Exercise brief —
Find "The positioning of" below and begin at its line; stop after the line with "全国の学生・教員、VIP合宿を経験したOB・OGの方々と自由に意見交換や議論を行える場です。1 セッション 90". Output those lines exactly, without pictures.

Extracted information —

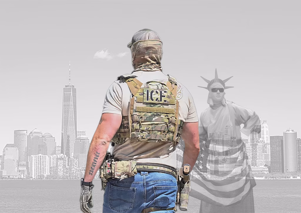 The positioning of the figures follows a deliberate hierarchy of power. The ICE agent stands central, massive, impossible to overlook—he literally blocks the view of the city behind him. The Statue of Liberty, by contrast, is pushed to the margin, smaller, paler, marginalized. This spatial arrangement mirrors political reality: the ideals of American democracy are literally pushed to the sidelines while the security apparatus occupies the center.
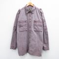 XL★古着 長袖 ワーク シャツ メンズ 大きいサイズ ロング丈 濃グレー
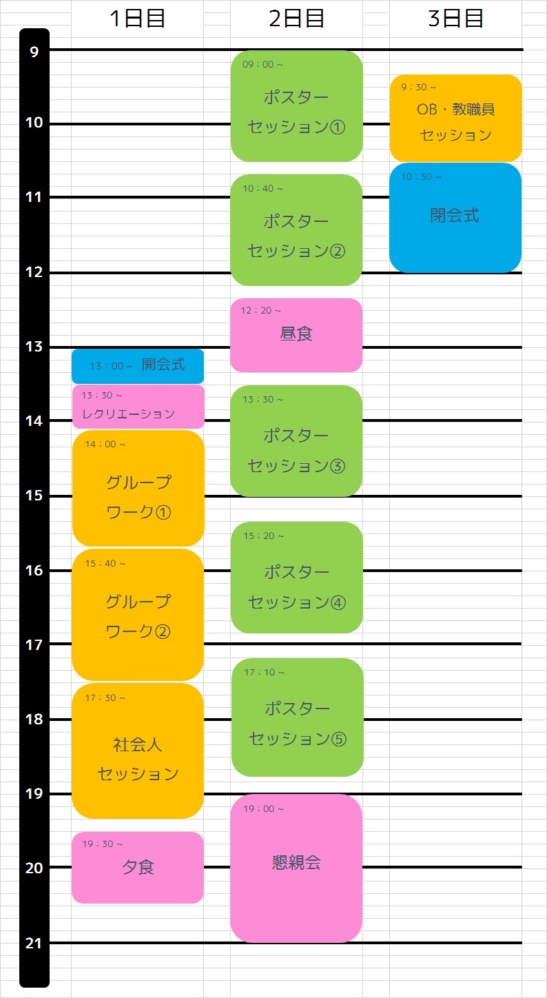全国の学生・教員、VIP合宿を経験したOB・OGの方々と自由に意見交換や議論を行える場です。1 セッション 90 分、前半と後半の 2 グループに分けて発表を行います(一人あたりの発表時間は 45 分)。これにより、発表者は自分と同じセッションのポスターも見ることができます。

* * *

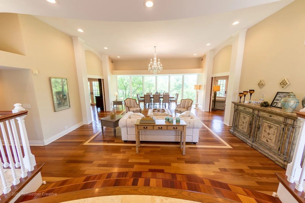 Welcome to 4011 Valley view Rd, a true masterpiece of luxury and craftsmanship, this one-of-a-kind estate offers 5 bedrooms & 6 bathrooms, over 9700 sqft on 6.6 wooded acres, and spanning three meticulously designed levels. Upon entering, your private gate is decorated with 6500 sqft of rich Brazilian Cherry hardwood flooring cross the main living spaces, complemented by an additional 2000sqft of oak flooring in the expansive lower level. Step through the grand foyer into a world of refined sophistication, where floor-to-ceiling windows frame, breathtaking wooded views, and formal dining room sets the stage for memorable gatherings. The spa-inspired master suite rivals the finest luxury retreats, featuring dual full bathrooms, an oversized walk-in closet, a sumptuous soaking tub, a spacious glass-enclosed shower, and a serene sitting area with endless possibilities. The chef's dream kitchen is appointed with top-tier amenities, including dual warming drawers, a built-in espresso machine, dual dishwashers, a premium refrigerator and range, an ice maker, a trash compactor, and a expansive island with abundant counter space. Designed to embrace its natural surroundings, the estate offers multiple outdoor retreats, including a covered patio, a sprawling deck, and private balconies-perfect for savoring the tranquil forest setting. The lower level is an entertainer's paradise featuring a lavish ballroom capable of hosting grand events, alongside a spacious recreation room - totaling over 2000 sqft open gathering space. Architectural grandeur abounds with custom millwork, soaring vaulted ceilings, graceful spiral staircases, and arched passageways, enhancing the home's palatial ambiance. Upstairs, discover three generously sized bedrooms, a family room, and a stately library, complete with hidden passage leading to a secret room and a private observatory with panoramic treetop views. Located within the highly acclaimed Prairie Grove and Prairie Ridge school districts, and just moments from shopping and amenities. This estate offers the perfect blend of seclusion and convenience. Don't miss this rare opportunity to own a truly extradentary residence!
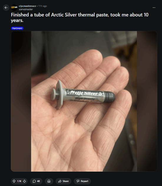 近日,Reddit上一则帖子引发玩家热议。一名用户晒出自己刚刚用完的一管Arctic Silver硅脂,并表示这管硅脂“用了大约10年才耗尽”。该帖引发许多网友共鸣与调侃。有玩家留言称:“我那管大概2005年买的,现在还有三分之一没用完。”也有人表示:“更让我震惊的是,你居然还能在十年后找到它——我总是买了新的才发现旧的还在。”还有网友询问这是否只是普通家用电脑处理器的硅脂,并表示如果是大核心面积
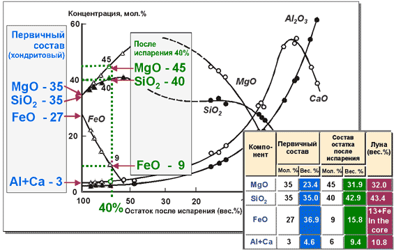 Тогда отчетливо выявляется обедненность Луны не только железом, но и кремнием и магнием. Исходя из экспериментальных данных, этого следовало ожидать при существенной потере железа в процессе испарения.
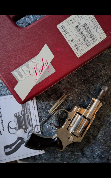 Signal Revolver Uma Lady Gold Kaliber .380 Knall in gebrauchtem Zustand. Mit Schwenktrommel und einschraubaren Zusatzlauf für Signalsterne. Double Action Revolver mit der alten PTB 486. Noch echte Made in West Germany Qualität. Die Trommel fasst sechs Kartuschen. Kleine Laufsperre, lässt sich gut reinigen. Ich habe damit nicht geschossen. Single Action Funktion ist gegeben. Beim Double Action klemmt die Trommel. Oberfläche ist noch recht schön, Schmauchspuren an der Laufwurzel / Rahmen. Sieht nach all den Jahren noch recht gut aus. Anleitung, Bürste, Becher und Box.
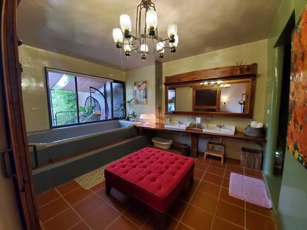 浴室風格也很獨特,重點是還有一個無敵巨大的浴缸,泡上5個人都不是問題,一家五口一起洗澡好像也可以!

Answer to this exercise —
 The positioning of the figures follows a deliberate hierarchy of power. The ICE agent stands central, massive, impossible to overlook—he literally blocks the view of the city behind him. The Statue of Liberty, by contrast, is pushed to the margin, smaller, paler, marginalized. This spatial arrangement mirrors political reality: the ideals of American democracy are literally pushed to the sidelines while the security apparatus occupies the center.
 XL★古着 長袖 ワーク シャツ メンズ 大きいサイズ ロング丈 濃グレー
全国の学生・教員、VIP合宿を経験したOB・OGの方々と自由に意見交換や議論を行える場です。1 セッション 90 分、前半と後半の 2 グループに分けて発表を行います(一人あたりの発表時間は 45 分)。これにより、発表者は自分と同じセッションのポスターも見ることができます。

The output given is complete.